We’d barely landed when an earsplitting caterwaul akin to the prolonged honk of a lovesick goose brought Rory galloping into the cockpit. “What the devil is wrong, Neil? I’ve never heard that before!”

Neil grinned and completed the shutdown process. “It’s not the chopper,” he replied, raising his voice to outdo the din. “Look outside. Old Fintan has a welcoming committee standing by, complete with bagpipes.”

As the Morrigan’s normal landing sounds receded, the bagpipes grew louder, sounding now like the bray of a mortally wounded donkey. Clearly amused, Neil descended the air steps and took my hand. The four of us walked toward Fintan as solemnly as we could, no easy task, as we were all struggling to contain our laughter at the worst pipering I’ve ever heard.

The piper stood with several members of the house staff, some of whom I recalled from prior visits. A bouquet of pink Princess Taillte roses rested in the head housekeeper’s arms.

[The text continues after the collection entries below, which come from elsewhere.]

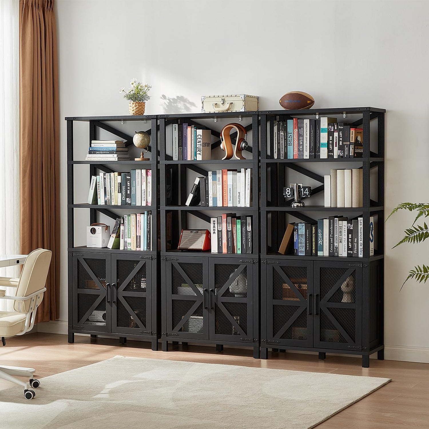 - [Large Storage Space]The bookshelves design has 5 tier, which can provide ample storage and display space for your books, crafts, and decorations. The shelves inside the iron mesh doors are adjustable in height, allowing for flexible adjustments based on the height of your items. The book case iron mesh design allows you to store your items properly and quickly find them, while also maintaining the overall cleanliness of the space and providing a more visually pleasing effect.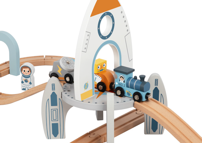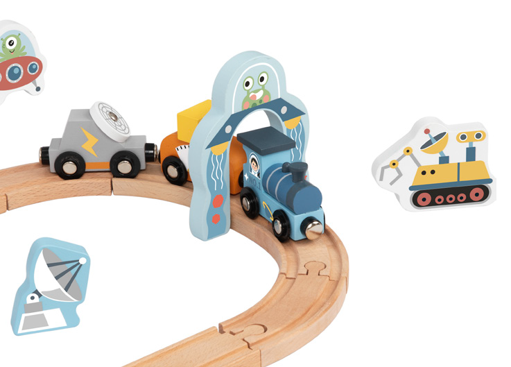 Ο τέλειος συνδυασμός παιχνιδιού τρένο και διαστημικός σταθμός, σε μια νέα σειρά που κανένα παιδί δεν θα μπορεί να αντισταθεί! Το σετ είναι φτιαγμένο εξολοκλήρου από ξύλο, που το καθιστά ένα ασφαλές, αισθητηριακό και πρωτότυπο παιχνίδι.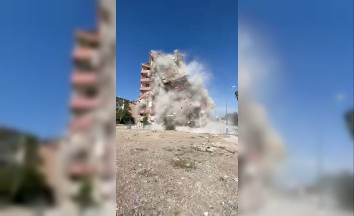 6 Şubat’ta Kahramanmaraş’ta meydana gelen yıkıcı depremlerden etkilenen iller arasından bulunan Elazığ’da ağır hasarlı binaların yıkımı devam ediyor. Bu çerçevede, merkeze bağlı Akpınar Mahallesinde yıkımına başlanan 6 katlı bina, iş makinesinin makasını vurmasıyla bir anda yerle bir oldu. Ortalık toz bulutu ile kaplanırken o anlar cep telefonu kamerasına saniye saniye yansıdı.

The lord of the manor stood apart, his six-foot frame proud and erect, his white beard blowing in the breeze. Dressed in his best tweeds—the outfit included an American baseball cap—Fintan held his man-sized blackthorn stick in his left hand. His right hand held a leash attached to a panting wolfhound whose gorgeous gray head was as high as my chest.

I curbed the urge to give Fintan a hug. The old relic obviously planned to do it by the numbers, so Neil and I waited in our formal stance while the piper finished doing whatever it was he was doing.

Joy shone in Fintan’s clear brown eyes. He bowed ever so slightly and pointed his blackthorn stick toward the three-story mansion. “Welcome, royal kin, to Carrowbeg Manor.”

I held out my right hand, as was proper. He grasped it and kissed it. “Your visit honors us, Your Highness.” I stepped aside and patted the dog’s head while Fintan repeated the process with Neil, who hadn’t been a prince long and was unaccustomed to people kissing his hand.

Neil introduced our Fian escort. Handshakes followed, and then Fintan nodded to his glowing housekeeper. She presented the roses to me, and we all went in for tea.